RNA splicing is a fundamental biological process that generates protein diversity from a finite set of genes. Recurrent somatic mutations of genes involved in RNA splicing are present at high frequency in Myelodysplasia (up to 70%) but less so in Acute Myeloid Leukemia (AML; less than 20%). To investigate whether there were aberrant and recurrent RNA splicing events in the AML transcriptome that were associated with poor prognosis in the absence of splicing factor mutations, we developed a bioinformatics pipeline to systematically annotate and quantify alternative splicing events from RNA-sequencing data (Fig A).
We first analysed publicly available RNA-seq data from The Cancer Genome Atlas (TCGA, n=170). We focussed on non-M3 AML patients with no splicing factor mutations (based on reported genomic sequencing and verified by re-analysis of RNA-seq data from all patients) who had received intensive chemotherapy. We segregated these patients based on their European Leukaemia Net (ELN) risk classification and identified 1290 alternatively spliced events impacting 910 genes that were significantly different (FDR<0.05) between all ELNAdv (n=41) versus all ELNFav patients (n=21, Fig B). The majority were exon skipping events (716 events, 62%, Fig B-C), followed by intron retention (201 events, 15.6%, Fig B). We next used RNA-seq data from a second non-M3 AML patient cohort (ClinSeq- Sweden; ELNAdv, n=75 and ELNFav, n=47), detecting 2507 events mapping to 1566 genes. Comparing across the two cohorts, 222 shared genes were detected to be affected by alternative splicing (Fig D). Ingenuity pathway analysis associated these genes with pathways related to protein translation.

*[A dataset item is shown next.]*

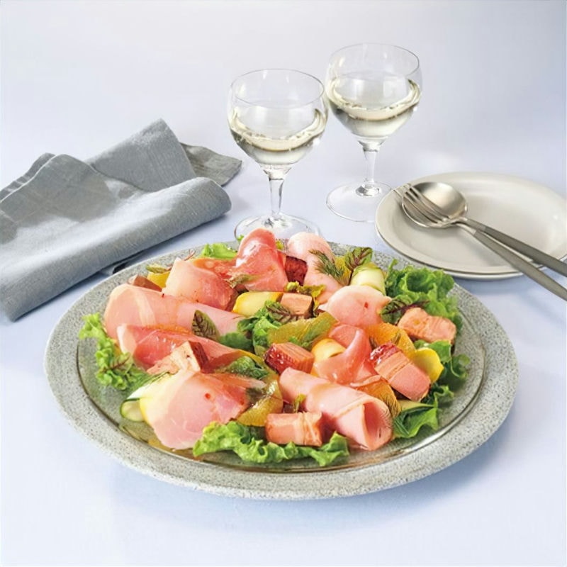 特選(ホワイトももハム220g、ロースハム60g)、たれ漬けばら焼豚165g、しっとりロース生ハム45g、オリーブドレッシング60ml

In order to prioritise those alternatively spliced events most likely to have a deleterious function, we developed an analytical framework to predict their impact on protein structure (Fig E). 87 alternatively spliced events, 25.81% of the commonly shared splicing events, relating to 78 genes (35.13% of all genes) were predicted to directly alter highly conserved protein domains within the affected genes, leading to either a complete (~25%, Fig E) or a partial loss of a domain (20%, Fig E). These in silico predictions are likely to be an underestimate of the true impact, as splicing alterations mapping to poorly annotated domains or affecting the tertiary structure of proteins would be missed. A number of splicing factors themselves were differentially spliced, with the alternative splicing predicted to have functional consequences. This was exemplified by hnRNPA1, a factor with well-established roles in splicing, is itself alternatively spliced in patients and predicted to be deleterious. Consistent with this, motif scanning analyses indicated that a number of mis-spliced transcripts had hnRNPA1 binding motifs (Fig F).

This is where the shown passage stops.